Print out the full material below, exact in every line, with no images included.

+---+

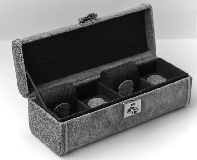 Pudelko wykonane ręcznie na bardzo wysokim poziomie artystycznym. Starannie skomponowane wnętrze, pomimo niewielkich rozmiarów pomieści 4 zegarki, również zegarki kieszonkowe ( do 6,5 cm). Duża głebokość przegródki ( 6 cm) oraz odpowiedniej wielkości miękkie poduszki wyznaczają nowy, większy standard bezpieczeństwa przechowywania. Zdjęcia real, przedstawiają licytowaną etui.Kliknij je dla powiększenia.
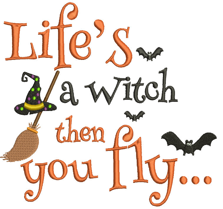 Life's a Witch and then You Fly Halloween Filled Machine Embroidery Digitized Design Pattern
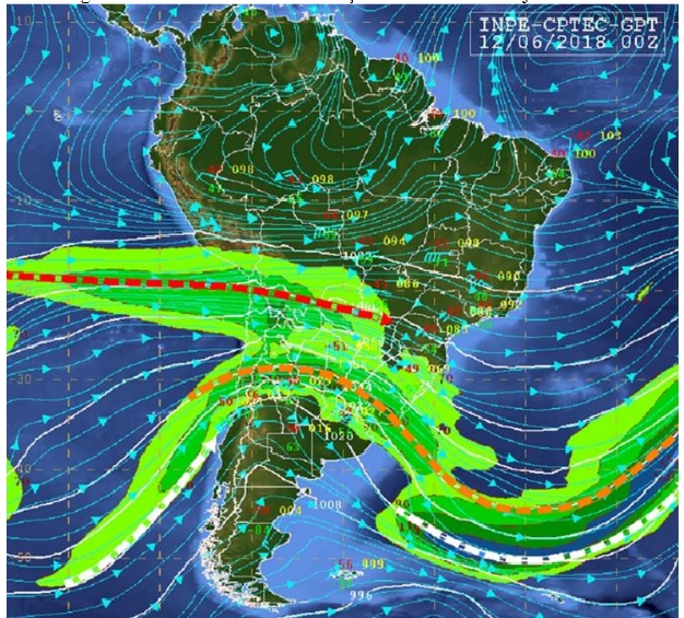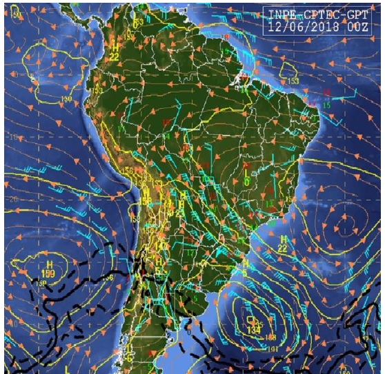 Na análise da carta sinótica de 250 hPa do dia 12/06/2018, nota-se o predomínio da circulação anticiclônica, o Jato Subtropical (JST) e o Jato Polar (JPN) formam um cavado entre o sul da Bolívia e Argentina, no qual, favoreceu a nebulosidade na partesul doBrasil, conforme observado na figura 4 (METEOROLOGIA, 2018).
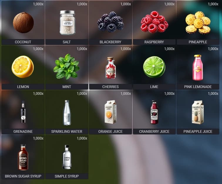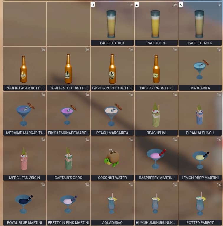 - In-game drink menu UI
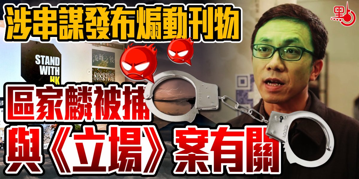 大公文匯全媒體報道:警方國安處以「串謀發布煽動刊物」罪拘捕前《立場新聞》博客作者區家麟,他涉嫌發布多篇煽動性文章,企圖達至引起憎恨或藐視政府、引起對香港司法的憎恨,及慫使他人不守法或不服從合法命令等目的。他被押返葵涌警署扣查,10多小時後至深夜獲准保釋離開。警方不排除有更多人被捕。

+---+

▸ ANSWER BELOW:
 Pudelko wykonane ręcznie na bardzo wysokim poziomie artystycznym. Starannie skomponowane wnętrze, pomimo niewielkich rozmiarów pomieści 4 zegarki, również zegarki kieszonkowe ( do 6,5 cm). Duża głebokość przegródki ( 6 cm) oraz odpowiedniej wielkości miękkie poduszki wyznaczają nowy, większy standard bezpieczeństwa przechowywania. Zdjęcia real, przedstawiają licytowaną etui.Kliknij je dla powiększenia.
 Life's a Witch and then You Fly Halloween Filled Machine Embroidery Digitized Design Pattern
 Na análise da carta sinótica de 250 hPa do dia 12/06/2018, nota-se o predomínio da circulação anticiclônica, o Jato Subtropical (JST) e o Jato Polar (JPN) formam um cavado entre o sul da Bolívia e Argentina, no qual, favoreceu a nebulosidade na partesul doBrasil, conforme observado na figura 4 (METEOROLOGIA, 2018).
 - In-game drink menu UI
 大公文匯全媒體報道:警方國安處以「串謀發布煽動刊物」罪拘捕前《立場新聞》博客作者區家麟,他涉嫌發布多篇煽動性文章,企圖達至引起憎恨或藐視政府、引起對香港司法的憎恨,及慫使他人不守法或不服從合法命令等目的。他被押返葵涌警署扣查,10多小時後至深夜獲准保釋離開。警方不排除有更多人被捕。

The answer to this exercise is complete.